Reviewed by SIR WILLIAM CARRON
The Rules of Work by Michael Fogarty (Geoffrey Chaiman, 30s.).
THIS is the House that Jack built. How many of us can remember all of those strange facts that have connection with this unusual house: the sack that held the malt, the cow with the crumpled horn, the dog that worried the cat and the insignificant string that tied the sack? In a peculiar kind of way, this is a form of analysis. On the other hand, did we know why string was used. why a sack and not a box? Were we aware of the motives that drove the huntsman, with his hounds and horn, to set in motion the events that lead us to the priest all shaven and shorn?
Did we know why the milkmaid married the beggar, or even why the dog worried the cat or. for that matter, why Jack built the House in the first place?
Professor Michael Fogarty could have revealed the last psychological and physiological detail.
* * If you find yourself thinking, after thirty or forty pages of this book, that the author is attempting to settle the old problem of how many angels can dance on the point of a needle then lay this book aside, it is not for you.
This book has been expertly and painstakingly created in order to till the need of the serious-minded investigator who seeks to know
the "whys" and the "wherefores" of day-to-day industrial coexistence.
While this work is seemingly directed towards the university student or the more advanced sections of technical education, it is, at the same time, not beyond the comprehension and understanding of the intelligent layman. The style in which it is written makes it abundantly clear to any individual who has an average ability to read his own language and to understand what he has read.
The principles and deep analysis contained in this work will appeal to progressive management and to the knowledgable trade unionist. It is not an easy hook to read and it demands the whole of your concentration if you are to get the value from the pages as you turn them.

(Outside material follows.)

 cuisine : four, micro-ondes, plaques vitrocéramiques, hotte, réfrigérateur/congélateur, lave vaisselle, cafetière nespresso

The author does not content' himself with slipping easily over the surface of human relationship in industry hut remorselessly dissects every facet and integral part of such relationship, sometimes bringing into the hard and merciless light fundamentals, or prime factors, of human conduct which, to many of us, have hitherto been hidden or unsuspected.
Not among the least of the advantages enjoyed by the reader of Professor Fogarty's book is the all-embracing nature of his annotation. Nowhere have I seen a treatise, on Industrial Relationship and kindred subjects, which has such an all-embracing bibliography revealed page by page as you progress further and further into the book.
It is a veritable paradise for the research worker and the student. Obviously, one is forcibly impressed by the profound depth of knowledge and the results of fantastically wide research which Professor Fogarty is offering to all who care to expend the time and trouble to read his book.
* * The fact that the author, in places, apparently abandons some of the basic rules of classical composition emboldens me, also, to take liberties. I shall borrow a word that has come to mean so much to the film industry and I say, categorically, that, for all who appreciate the "spectacle" in abstract, this book is a "must".